Vamos imaginar uma situação que se repete quase regularmente na transição do inverno para a primavera. Um pai de manhã despacha as crianças para a escola, está próximo de zero graus lá fora, todos se vestem "para o inverno". Mas à tarde o sol aparece, a temperatura sobe dez graus, e depois do trabalho ainda se vai ao parque. As crianças correm, o adulto se aquece, o casaco de repente fica quente demais, mas ainda assim o mantém, porque "ainda está frio". No caminho para casa, a pessoa sua, para em uma loja super aquecida, e depois sai para o vento frio. À noite, vem o cansaço, de manhã a garganta arranha e o ciclo clássico começa.

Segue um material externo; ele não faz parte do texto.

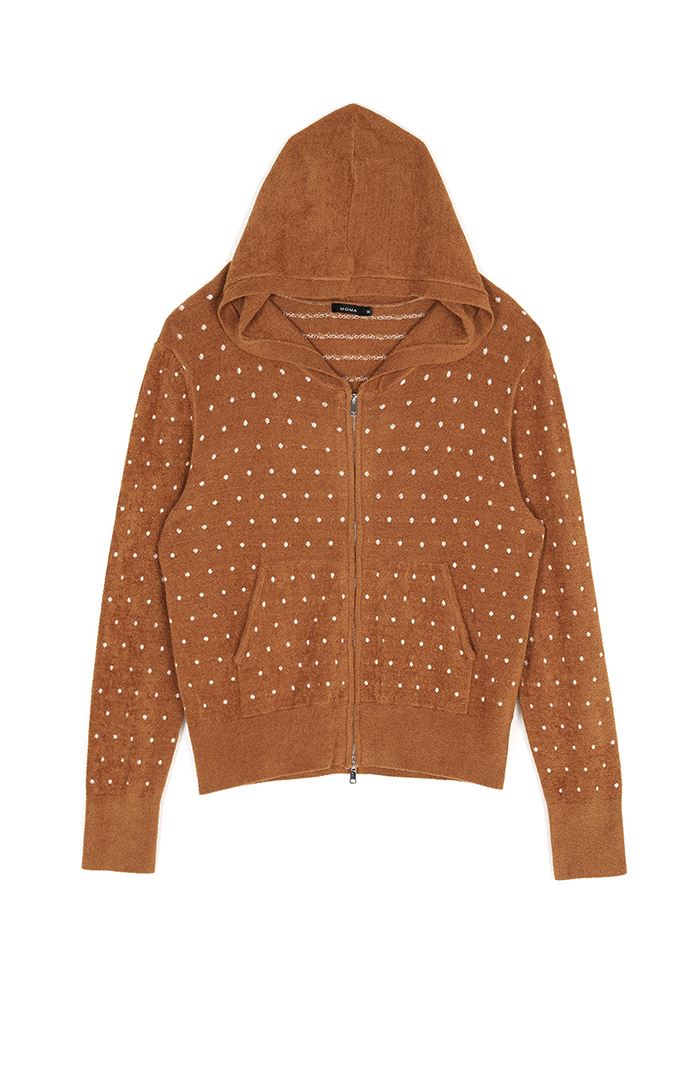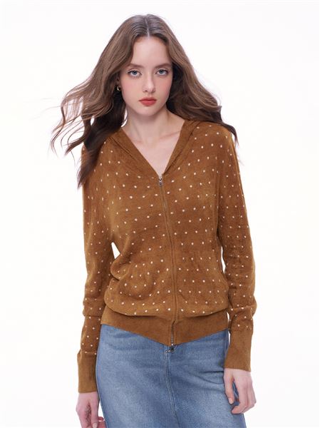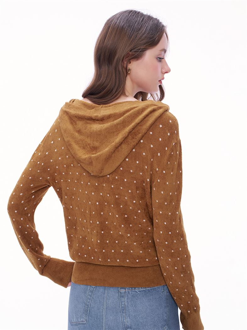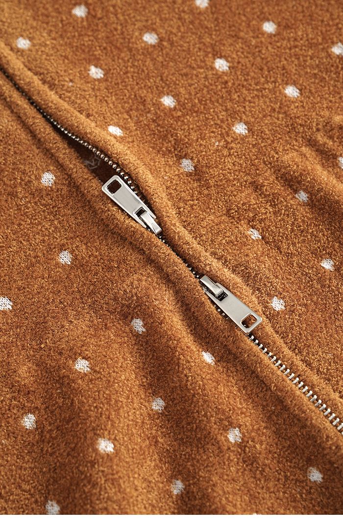 柔軟波卡圓點搖粒絨連帽外套-咖啡

Em tal situação, uma simples adaptação pode surpreendentemente ajudar: camadas mais leves e troca de roupa suada, além de uma bebida quente e dormir mais cedo. Quando se adiciona a isso um lanche regular com proteína (como iogurte, um punhado de nozes, homus com pão) em vez de uma barra doce às pressas, o corpo tem uma energia mais estável. E energia estável também significa melhor resistência ao que está circulando na escola, no transporte público ou no escritório.

Um truque semelhante funciona com o exercício: em vez de "se destruir uma vez por semana", basta 20–30 minutos de caminhada rápida três vezes por semana. Essa é a mudança que pode ser mantida mesmo em uma agenda apertada, e ainda dá ao corpo o sinal de que é hora de recuperar a forma após o inverno.

E quanto aos suplementos alimentares? Eles podem ter seu lugar, mas é bom abordá-los com sobriedade. Se alguém tem comprovadamente baixo nível de vitamina D, faz sentido tratá-lo de maneira direcionada (de preferência após consulta com um médico ou farmacêutico). Com vitamina C, zinco ou probióticos, muitas vezes se trata de se a pessoa os ingere regularmente e em doses razoáveis. Um quadro confiável sobre a vitamina D e outros fundamentos é oferecido, por exemplo, pelas informações do NIH – Office of Dietary Supplements (útil principalmente para orientação sobre o que é fundamentado e o que são apenas promessas de marketing). Sempre vale lembrar: o suplemento deve complementar, não substituir o sono, a alimentação e o exercício.

Quando se fala em apoiar a imunidade no período em que o inverno se alterna com a primavera, vale a pena não esquecer também o lado psicológico. A luz solar e o tempo ao ar livre melhoram o humor, e um humor melhor muitas vezes significa um regime melhor. Basta uma curta caminhada ao meio-dia, quando a luz é mais forte, ou um passeio de fim de semana, que não é sobre desempenho, mas sobre respirar fundo. O corpo se lembra de que o mundo está se iluminando novamente, e às vezes é exatamente esse o impulso que faltava após o inverno.

Em resposta à pergunta como apoiar a imunidade diante das variações climáticas, há menos respostas "misteriosas" do que poderia parecer. Faz sentido manter as mucosas confortáveis com hidratação e um ar adequado em casa, reintroduzir variedade e alimentos fermentados na dieta, adicionar movimento regular, monitorar o sono e se vestir de forma que o corpo não precise lutar contra extremos a cada hora. E quando se mistura um pouco de gentileza consigo mesmo – porque a primavera não é uma corrida – a transição do inverno para a primavera costuma ser significativamente mais tranquila, mesmo quando o tempo decide mostrar todos os seus humores em uma única semana.